Uploading sequence data with the CLI
The CLI can be used to upload all types of sequence data supported by Trakka.
FASTQ data may alternatively be uploaded via the web interface. Refer to the Sequence uploads page for instructions.
Sequence data types
Sequence data types are listed on the Sequence data page.
Each data type is specified on the command line by a short name, such as fastq-ill-pe for paired-end Illumina FASTQ data.
Adding paired-end Illumina FASTQ sequences to a sample
Uploading of FASTQ sequences is undertaken using a comma-separated file to map Seq_IDs
to sequences; if these are new samples these can be optionally created with the seq add commands.
You can upload *.fa(sta) and/or *.fastq.gz.
Please note the size of uploaded files cannot exceed 4GB.
The input CSV file for paired-end FASTQ should have three columns:
| Header | Description |
|---|---|
| Seq_ID | the sample name |
| filepath1 | The local path of the read 1 to be uploaded |
| filepath2 | The local path of the read 2 to be uploaded |
Having created a files.csv, you can upload the sequence files listed in your CSV file by running:
trakka seq add fastq-ill-pe --owner <org-abbreviation> files.csv
This assumes that the Seq_ID values map to existing samples, which must be owned by the specified owning organisation.
If these are new samples, you can create them by
including --create, --owner, and optionally if required --project on the seq add command:
trakka seq add fastq-ill-pe files.csv --create --owner <org-abbreviation> --project <project-abbreviation>
where
org-abbreviationis the abbreviation of the organisation that will own all samples created by running the command.project-abbreviationis an abbreviation of a project which the samples will be shared to. Zero or more can be specified. All samples listed in the upload will be shared, even if they are not all new samples.

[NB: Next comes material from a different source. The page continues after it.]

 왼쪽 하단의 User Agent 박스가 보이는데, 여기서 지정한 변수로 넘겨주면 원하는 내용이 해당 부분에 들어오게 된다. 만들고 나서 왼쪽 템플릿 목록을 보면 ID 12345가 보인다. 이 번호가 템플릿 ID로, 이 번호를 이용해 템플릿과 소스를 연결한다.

Adding consensus FASTA sequences to a sample
Single-contig consensus FASTA sequences (e.g. viral genomes) are represented by the fasta-cns data type.
To upload FASTA sequences, we upload a FASTA file where the FASTA IDs must exactly match the Seq_IDs of the sample records we want the sequences to be stored against. Multiple FASTA sequences (for multiple Seq_IDs) can be uploaded in a single file.

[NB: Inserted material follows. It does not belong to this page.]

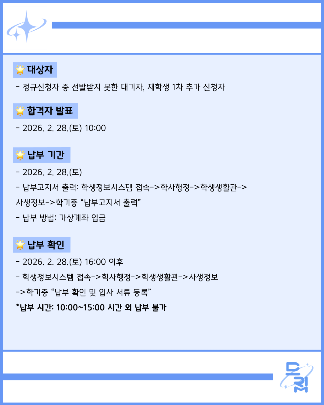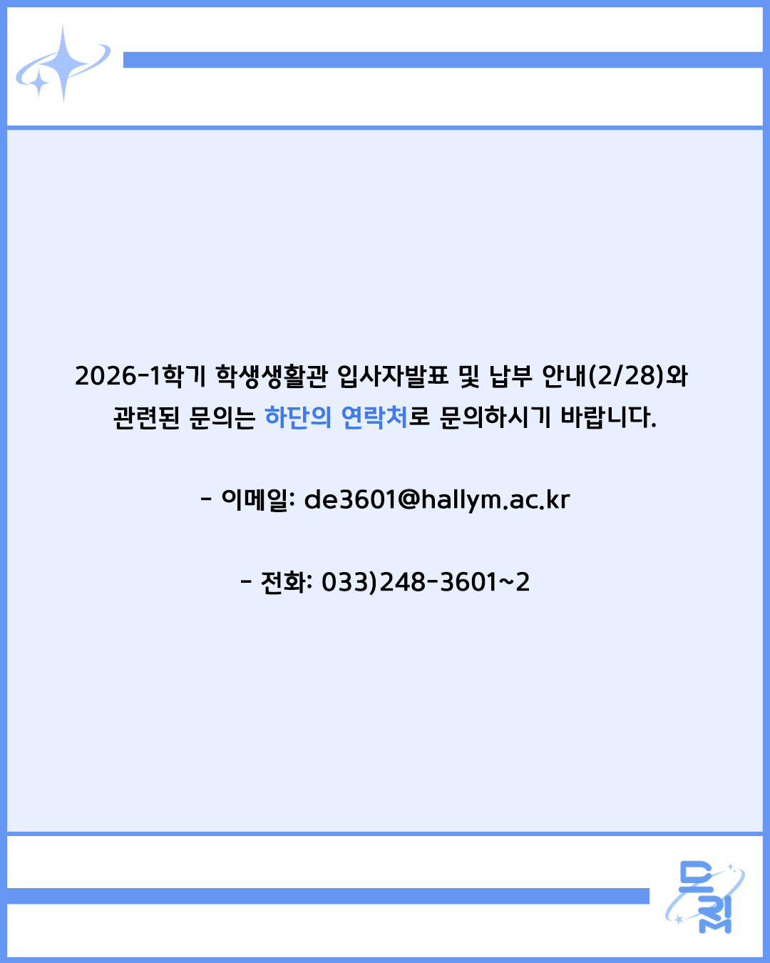 🌟2026-1학기 학생생활관 입사자발표 및 납부 안내(2/28)와 관련된 문의는 하단의 연락처로 문의하시기 바랍니다.

After doing this, you can upload the sequences in the FASTA file by running
trakka seq add fasta-cns --owner <org-abbreviation> <sequence-file.fa>
The --create and --project options function as described above.
Adding other sequence data types to a sample
For other sequence data types, the process is similar to that for paired-end Illumina data, but only one sequence file is expected per sample.

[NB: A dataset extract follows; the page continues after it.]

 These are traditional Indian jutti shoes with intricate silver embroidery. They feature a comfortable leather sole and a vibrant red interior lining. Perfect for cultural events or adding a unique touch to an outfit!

The input file to the command should be a CSV file with two columns:
| Header | Description |
|---|---|
| Seq_ID | the sample name |
| filepath | The local path of the sequence file to be uploaded |
You can upload sequences of type fastq-ill-se, fastq-ont, or fasta-asm by running
trakka seq add <data-type> --owner <org-abbreviation> files.csv
where <data-type> is one of fastq-ill-se, fastq-ont, or fasta-asm.
The --create and --project options function as described above.